One thought on “Understanding The Wife’s Code. Jeff Allen – Full Special

  1. Thanks, Swifty. I finally got to watch this. So funny, the guy is really hysterical and has a keen eye on all the changes of family life. Man, we sure do need to laugh now and then. So I just found these three items for you:

    >>> I have a shared parking lot with my neighbor. I don’t like him much, but I’ve decided to try to be his friend. After all… We have a lot in common.

    >>> And the Lord said unto John, “Come forth and you will receive eternal life.” But John came fifth and won a toaster.

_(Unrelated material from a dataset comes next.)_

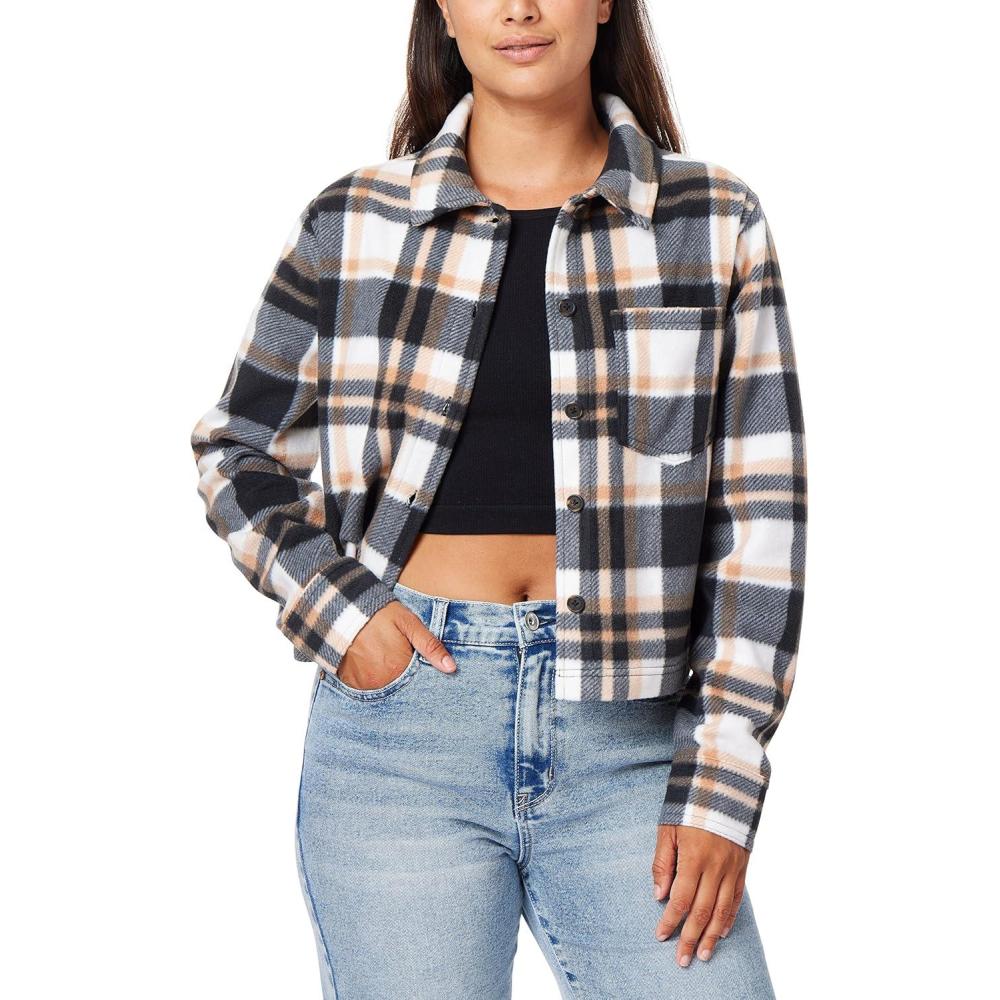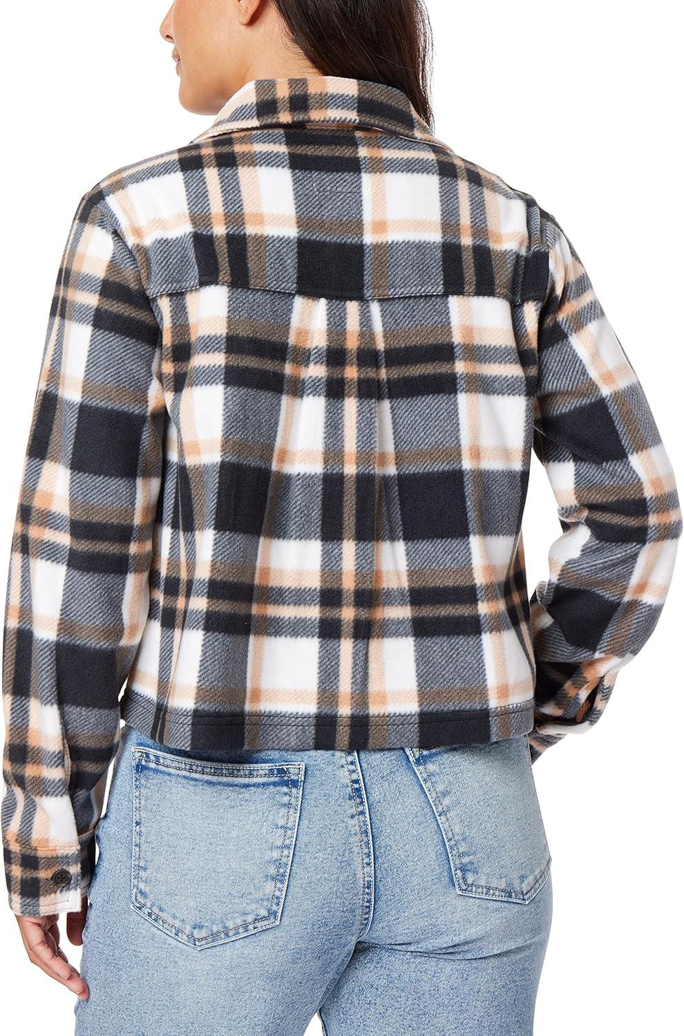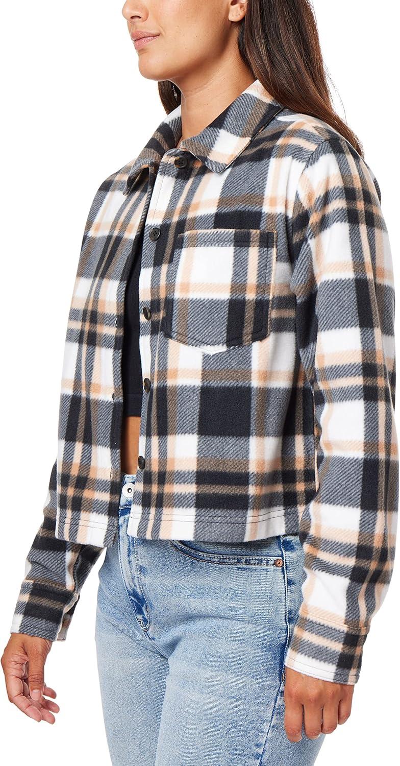 WallFlower Women's Chloe Polar Cozy Fleece Boyfriend Spring, Summer and Fall Light Shacket Jackets(Black White Plaid)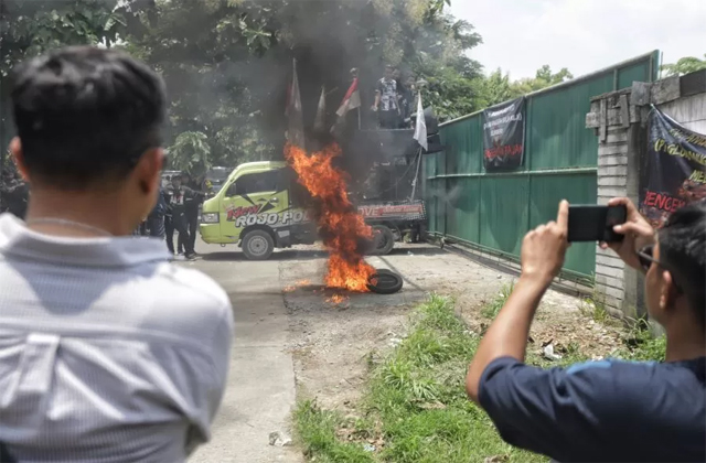 Massa yang tergabung dalam Aliansi Madura Indonesia (AMI) itu melakukan aksi bakar ban di depan pabrik sebagai bentuk kekesalan mereka lantaran pihak pabrik tidak berada di lokasi.

    >>> A police officer pulls over this guy who’s been weaving in and out of the lanes. He goes up to the guy’s window and says, “Sir, I need you to blow into this breathalyzer tube.” The man says, “Sorry, officer, I can’t do that. I am an asthmatic. If I do that, I’ll have a really bad asthma attack.”

    “Okay, fine. I need you to come down to the station to give a blood sample.” I can’t do that either. I am a hemophiliac. If I do that, I’ll bleed to death.”

    “Well, then, we need a urine sample.” “I’m sorry, officer, I can’t do that either. I am also a diabetic. If I do that, I’ll get really low blood sugar.”

    “All right, then I need you to come out here and walk this white line.” “I can’t do that, officer.” “Why not?” “Because I’m drunk.”